= Stockholders in Death =

First publication

"Stockholders in Death" is the seventh pulp magazine story to feature The Avenger. Written by Paul Ernst, it was published in the April 1940 issue of “The Avenger” magazine. The novel was republished under its original title by Paperback Library on December 1, 1972.

==Summary==
Lawyer Joseph Crimm is killed for his stock holdings in a scheme by the directors of Town Bank to control Ballandale Glass Corp. Crimm's two sons want justice: Wayne goes to Justice, Inc., skeptical Tom enlists Nicky Lucknow, a gangster.
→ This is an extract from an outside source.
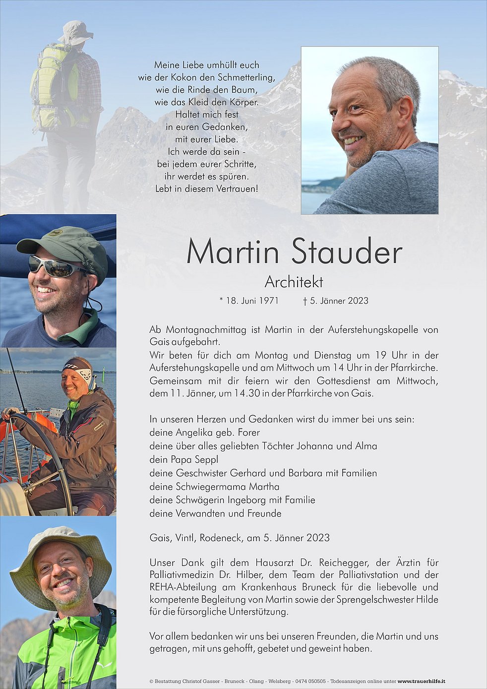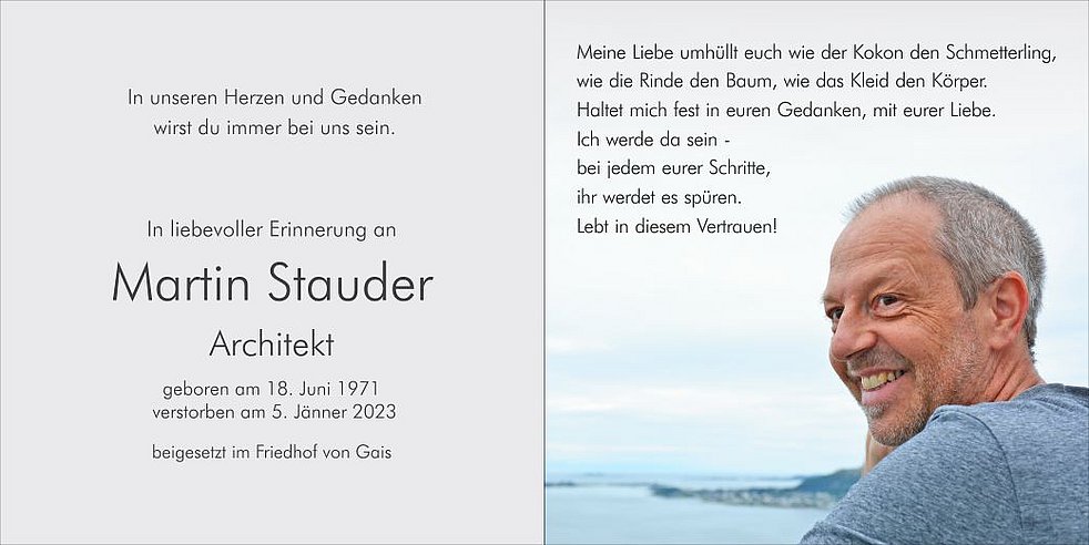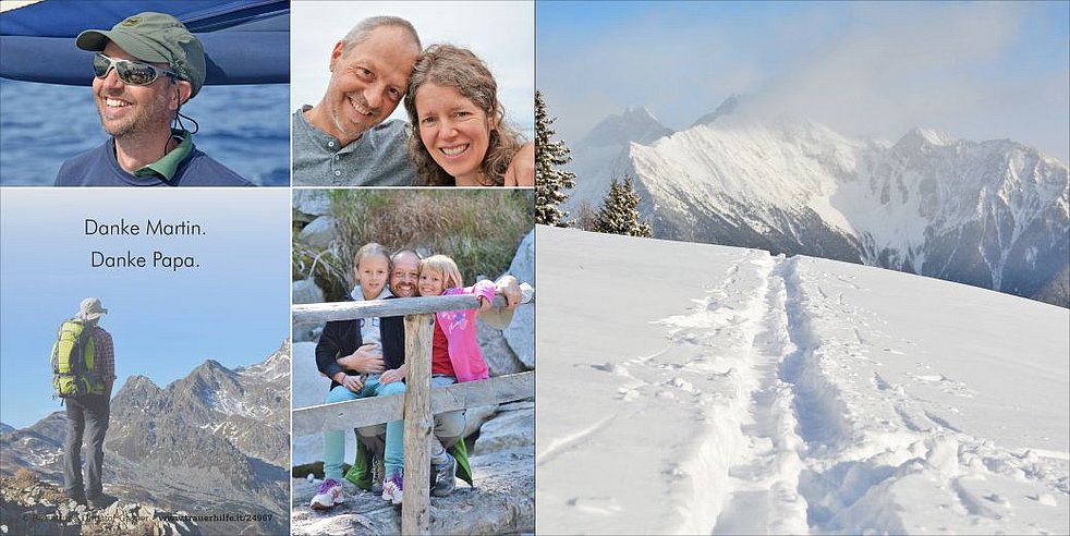 Unser Dank gilt dem Hausarzt Dr. Reichegger, der Ärztin für Palliativmedizin Dr. Hilber, dem Team der Palliativstation und der REHA-Abteilung am Krankenhaus Bruneck für die liebevolle und kompetente Begleitung von Martin sowie der Sprengelschwester Hilde für die fürsorgliche Unterstützung.

The bank directors murder one of their own who is having cold feet. Single-handedly, the Avenger (Richard Henry Benson) attempts to rescue foolish Tom from Lucknow's hotel. Benson declares "financial war" on the bank and its directors. Lucknow plays Tom for a fool, using him as a pawn and fall guy for crimes. A veiled woman tries to help Tom. Benson causes half of Lucknow's gang to fall into their own burning death trap. Justice, Inc. is wanted for murder after gangsters posing as Benson, Mac, and Smitty shoot several policemen. Wayne and Tom must repeatedly be saved from the consequences of their own foolish actions. The criminals are finally trapped on Benson's freighter, the Minerva, which they attempt to sink with Benson and his team aboard; the mastermind behind the stock swindle is exposed and the trapped criminals will be arrested for piracy.